En effet, nombre d’entre elles, de petite envergure, ne répondent pas aux critères prudentiels et présentent des risques pour le système financier national. De fait, «le Comité d’État de la Bourse a en ligne de mire 20 sociétés nécessitant une restructuration d’urgence», souligne le Docteur Nguyên Son, chef du Département de développement du marché du Comité d’État de la Bourse.
En outre, «elles sont beaucoup trop nombreuses au regard du stade de développement du marché vietnamien», ajoute Vu Bang. Et les spécialistes considèrent qu’il faudrait en limiter le nombre à 20 ou 30 qui soient en mesure d’assumer les compétences nécessaires en ce domaine comme de fonctionner en pleine transparence.

Une telle restructuration dans le sens d’une limitation est d’ailleurs conforme à la pratique internationale, y compris dans la région où des précédents existent. Ainsi, en Chine, 74 sociétés de bourse ont subsisté après une telle opération, alors qu’elles étaient 2.000 auparavant...

Respect des normes internationales

Le processus défini par le plan comprend deux phases sur le court terme. La première privilégie le traitement des sociétés exposées à de trop grands risques en termes de gestion prudentielle. Les contrôles des sociétés de bourse ont été renforcés et des audits sont actuellement en cours afin d’identifier d’ici fin 2012 celles qui sont trop faibles. Celles-ci seront invitées et, à défaut, contraintes de prendre les mesures idoines pour renforcer leurs capacités financières.

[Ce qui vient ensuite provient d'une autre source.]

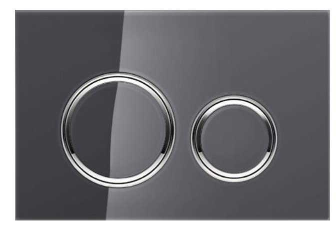
↑ Sigma10 Lava Glass

→ MODERN BATHROOM DESIGN HAS BEEN INCREASINGLY FOCUSED ON ADDING COLOUR ELEMENTS TO ACHIEVE THE PREERRED ATMOSPHERE.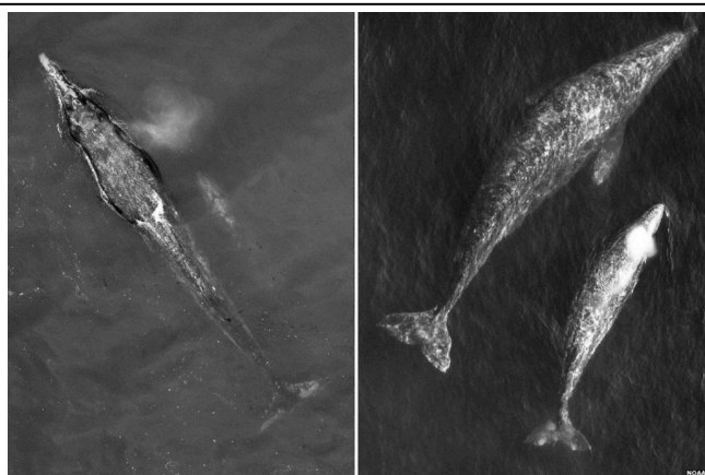
Blubber is crucial for survival: the skinny mother on the left may not have enough reserves for her to reach the Arctic while nursing her calf.

The height of the hexacopter is a key concern, because whales and other marine species are sensitive to disturbances in their environment. So the contraption is fitted with a precise altimeter to monitor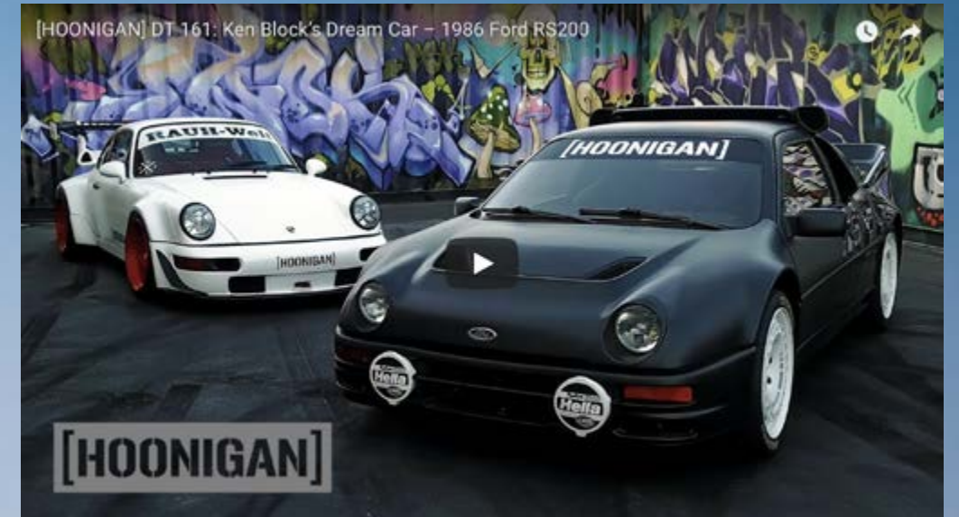
[HOONIGAN] DT 161: Ken Block's Dream Car - 1986 Ford RS200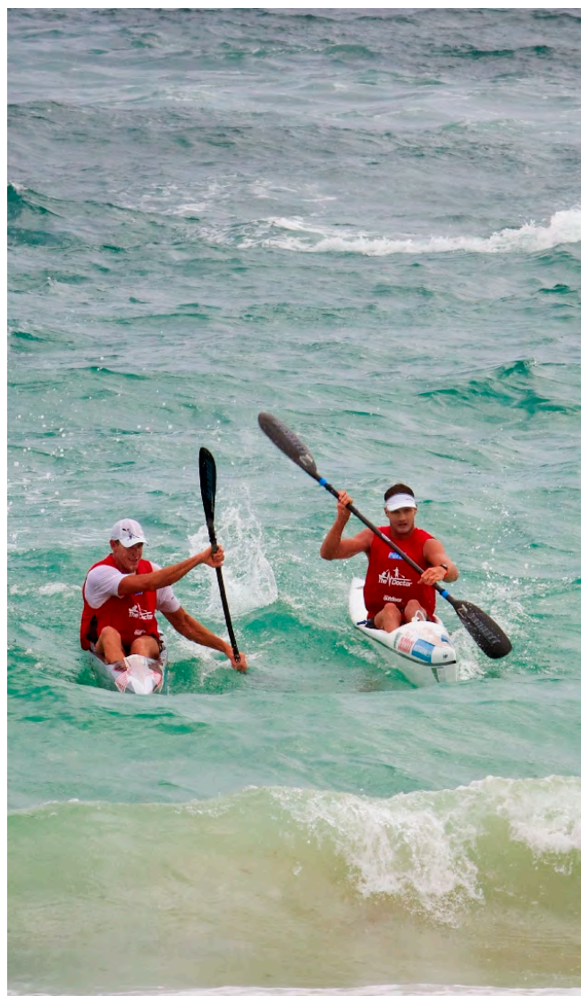
"The Doctor" Ocean Race

Finally, I must thank my fellow Board Members and staff members, who are so professional and have worked so hard to improve Canoeing in Western Australia. We as a Board believe the next few years will see some fantastic results in all areas of the sport that we love.

La seconde phase consistera à isoler les dettes, à céder les mauvais avoirs et à limiter le champ d’activité de ces dernières afin de limiter les risques, phase qui implique des mesures tant administratives qu’économiques. En 2013 également, toute l’attention sera portée au respect des normes internationales.

Enfin, à moyen terme c’est-à-dire dans les deux ans, la restructuration sera généralisée aux autres sociétés de bourse afin d’améliorer la sécurité financière. Il faut relever ici que cette restructuration diffère de celle mise en oeuvre pour le système bancaire qui repose d’abord sur l’initiative des banques concernées. En revanche, la restructuration des sociétés de bourse répond exclusivement au respect des normes prudentielles...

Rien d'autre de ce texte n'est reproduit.